By Wojciech Tuleya
Jolanta Wagner’s art is simultaneously archetypal and modern. Her drawings’ primal essence contains a feminine-like monotonous weaving – a spider’s web of seemingly mechanically recorded events, thoughts and objects organized within a clearly legible system.
Also archetypal is her faith in the power of this method to create symbols – totems and signs of supernatural power. Jola Wagner must have faith in these powers; what could otherwise be the source of the strength and patience which are necessary to create her calligraphic representations of girlish silhouettes, pitchers, spoons, houses with gardens or jars filled with cream - like an Irish monk recording mythical dragons within the pages of illuminated manuscripts?
Her work is modern because of the clarity of her images, their legibility and perfectly planned architectural structure. When I first saw her drawings fifteen years ago, Jola’s works seemed too modern for the average art collectors’ tastes and were purchased at the time by only the most discerning of my Japanese clients; those who were sensitive to paper and to the art of calligraphy. The connoisseurs from the West noticed in her work a rare characteristics of original concept, astounding technical skill and a highly developed sense of a personal visual aesthetics.

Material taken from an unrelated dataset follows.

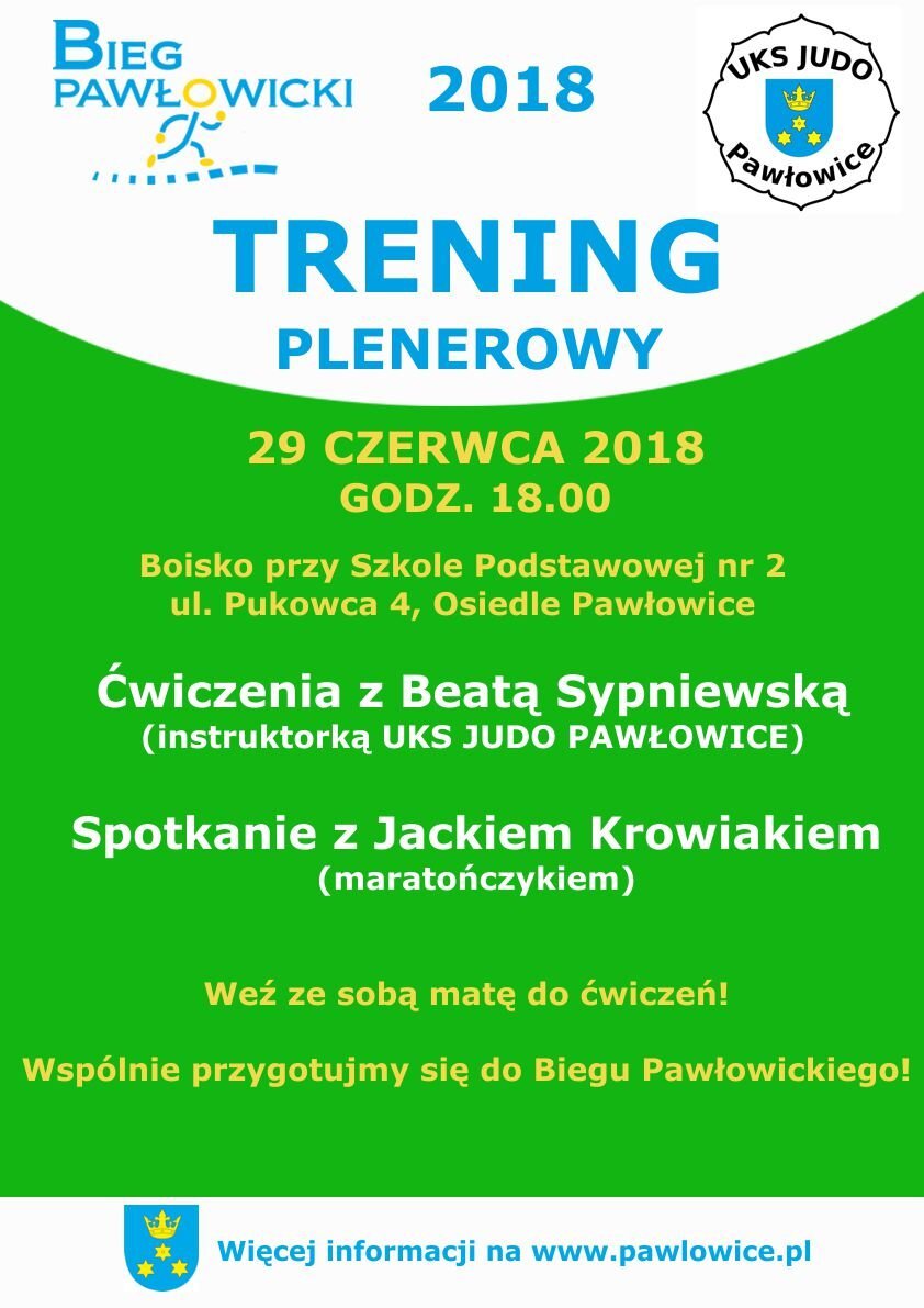 W przyszły piątek, 29 czerwca 2018 r. o godzinie 18.00 wszystkich chętnych zapraszamy na boisko przy szkole Podstawowej nr 2 w Pawłowicach (ul. Pukowca 4) na trening z Beatą Sypniewską - instruktorką klubu sportowego UKS JUDO Pawłowice, prowadzącą również zajęcia fitness. W rytm muzyki będziemy rozciągać mięśnie i przygotowywać się do sierpniowych zawodów. Uczestnikiem spotkania będzie mieszkaniec Osiedla Pawłowice - Jacek Krowiak – maratończyk, który o bieganiu wie chyba wszystko. Z uczestnikami treningu podzieli się swoją wiedzą, a jeżeli będzie taka potrzeba – pobiegnie razem z chętnymi. Nie zapomnijcie zabrać ze sobą maty do ćwiczeń i nie przejmujcie się ewentualnymi odpadami deszczu. Jeżeli aura nie będzie nam sprzyjać, do dyspozycji mamy salę gimnastyczną. Zapraszamy!

Years have passed; Jola’s works have become even more ascetic owing to her de-saturation of colours and the simplification of forms. As all things move forward, today my gallery shows Neo pop alongside with “story boards” while the works of Jola Wagner still appear to be one step ahead of fashion due to their clarity and honesty, they continue to inspire the interest of younger artists, and all the while my clients who choose her works receive from me high marks when it comes to good taste.